= TASK REQUIREMENTS =
The answer must be an exact transcription of the lines below from the first through the one containing "Удобства: двухспальный диван, вместительный", with the pictures left out; please add nothing else.
*** Begin section ***
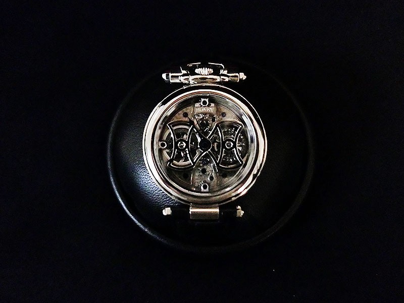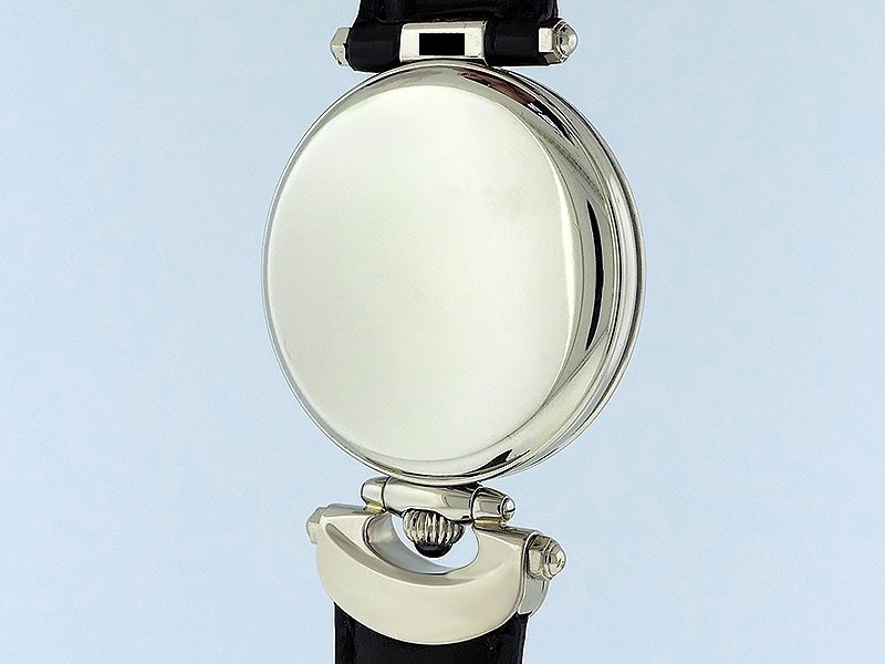 Swiss made Fleurier Butterfly Tourbillon, polished finished 18 White Gold round shaped case, reserve to ± 110 hours. Skeletonised dial, symmetrical winged bridges, 1-minute Tourbillon, blue sapphire cabochon. Black alligator leather w/18K white ...| Brand | Bovet |
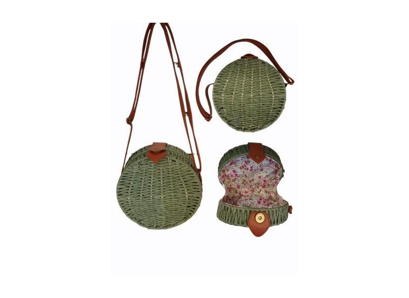 Bolsa Redonda Palha Tiracolo com Alça de Couro Casual Moda Praia BL-19
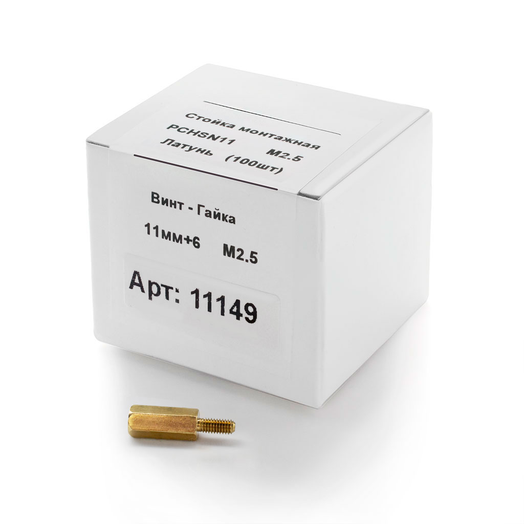 Стойка латунная PCHSN2.5-11. Гайка-Винт. Длина 11 мм. Резьба M2,5х0,45. 100 штук
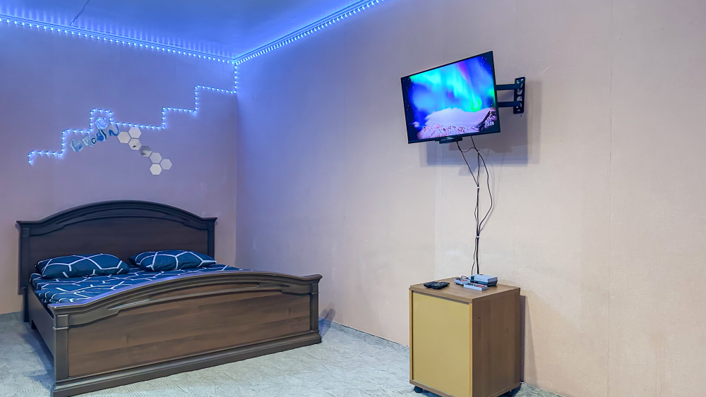Удобства: двухспальный диван, вместительный шкаф, сушилка для белья, фен, оборудованная кухня, холодильник, полный комплект посуды для приготовления и приёма еды, стиральная машина. После каждого выезда гостей проводим генеральную уборку.
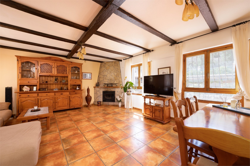 Salón-comedor con chimenea, espacioso y acogedor. Perfecto para reuniones familiares, cenas con amigos o una tarde de película. Las grandes ventanas inundan la estancia de luz y permiten el acceso directo al exterior.
*** End section ***
= SOLUTION FOR THIS EXERCISE =
 Swiss made Fleurier Butterfly Tourbillon, polished finished 18 White Gold round shaped case, reserve to ± 110 hours. Skeletonised dial, symmetrical winged bridges, 1-minute Tourbillon, blue sapphire cabochon. Black alligator leather w/18K white ...| Brand | Bovet |
 Bolsa Redonda Palha Tiracolo com Alça de Couro Casual Moda Praia BL-19
 Стойка латунная PCHSN2.5-11. Гайка-Винт. Длина 11 мм. Резьба M2,5х0,45. 100 штук
Удобства: двухспальный диван, вместительный шкаф, сушилка для белья, фен, оборудованная кухня, холодильник, полный комплект посуды для приготовления и приёма еды, стиральная машина. После каждого выезда гостей проводим генеральную уборку.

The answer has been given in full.